Open MPI logo

Open MPI Development Mailing List Archives

  |   Home   |   Support   |   FAQ   |   all Development mailing list

Subject: [OMPI devel] SLURM affinity accounting in Open MPI
From: Artem Polyakov (artpol84_at_[hidden])
Date: 2014-02-12 05:42:25


Hello

I found that SLURM installations that use cgroup plugin and
have TaskAffinity=yes in cgroup.conf have problems with OpenMPI: all
processes on non-launch node are assigned on one core. This leads to quite
poor performance.
The problem can be seen only if using mpirun to start parallel application
in batch script. For example: *mpirun ./mympi*
If using srun with PMI affinity is setted properly: *srun ./mympi.*

Close look shows that the reason lies in the way Open MPI use srun to
launch ORTE daemons. Here is example of the command line:
*srun* *--nodes=1* *--ntasks=1* --kill-on-bad-exit --nodelist=node02
*orted*-mca ess slurm -mca orte_ess_jobid 3799121920 -mca
orte_ess_vpid

Saying *--nodes=1* *--ntasks=1* to SLURM means that you want to start one
task and (with TaskAffinity=yes) it will be binded to one core. Next orted
use this affinity as base for all spawned branch processes. If I understand
correctly the problem behind using srun is that if you say *srun*
*--nodes=1* *--ntasks=4* - then SLURM will spawn 4 independent orted
processes binded to different cores which is not what we really need.

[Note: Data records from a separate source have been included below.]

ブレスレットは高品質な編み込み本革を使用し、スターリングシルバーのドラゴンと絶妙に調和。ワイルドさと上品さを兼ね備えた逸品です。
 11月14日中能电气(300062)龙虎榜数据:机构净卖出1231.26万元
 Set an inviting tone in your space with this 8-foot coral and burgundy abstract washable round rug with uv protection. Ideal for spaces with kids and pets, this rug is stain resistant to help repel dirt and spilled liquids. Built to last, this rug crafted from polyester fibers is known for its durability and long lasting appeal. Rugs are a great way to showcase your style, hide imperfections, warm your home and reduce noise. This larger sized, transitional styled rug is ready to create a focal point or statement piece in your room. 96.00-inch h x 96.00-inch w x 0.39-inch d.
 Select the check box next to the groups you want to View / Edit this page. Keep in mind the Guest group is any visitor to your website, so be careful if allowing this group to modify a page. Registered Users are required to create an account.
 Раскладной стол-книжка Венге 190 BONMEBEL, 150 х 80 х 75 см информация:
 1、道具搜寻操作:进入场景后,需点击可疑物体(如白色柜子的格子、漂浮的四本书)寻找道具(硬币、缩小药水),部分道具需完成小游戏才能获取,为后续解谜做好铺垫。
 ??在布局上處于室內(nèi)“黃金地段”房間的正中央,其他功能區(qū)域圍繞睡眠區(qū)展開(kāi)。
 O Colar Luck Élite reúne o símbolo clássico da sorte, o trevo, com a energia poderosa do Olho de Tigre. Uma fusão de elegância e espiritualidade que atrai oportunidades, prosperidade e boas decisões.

I found that disabling of cpu binding as a fast hack works good for cgroup
plugin. Since job runs inside a group which has core access restrictions,
spawned branch processes are executed under nodes scheduler control on all
allocated cores. The command line looks like this:
srun *--cpu_bind=none* --nodes=1 --ntasks=1 --kill-on-bad-exit
--nodelist=node02 orted -mca ess slurm -mca orte_ess_jobid 3799121920 -mca
orte_ess_vpid

This solution will probably won't work with SLURM task/affinity plugin.
Also it may be a bad idea when strong affinity desirable.

My patch to stable Open MPI version (1.6.5) is attached to this e-mail. I
will try to make more reliable solution but I need more time and beforehand
would like to know opinion of Open MPI developers.

-- 
С Уважением, Поляков Артем Юрьевич
Best regards, Artem Y. Polyakov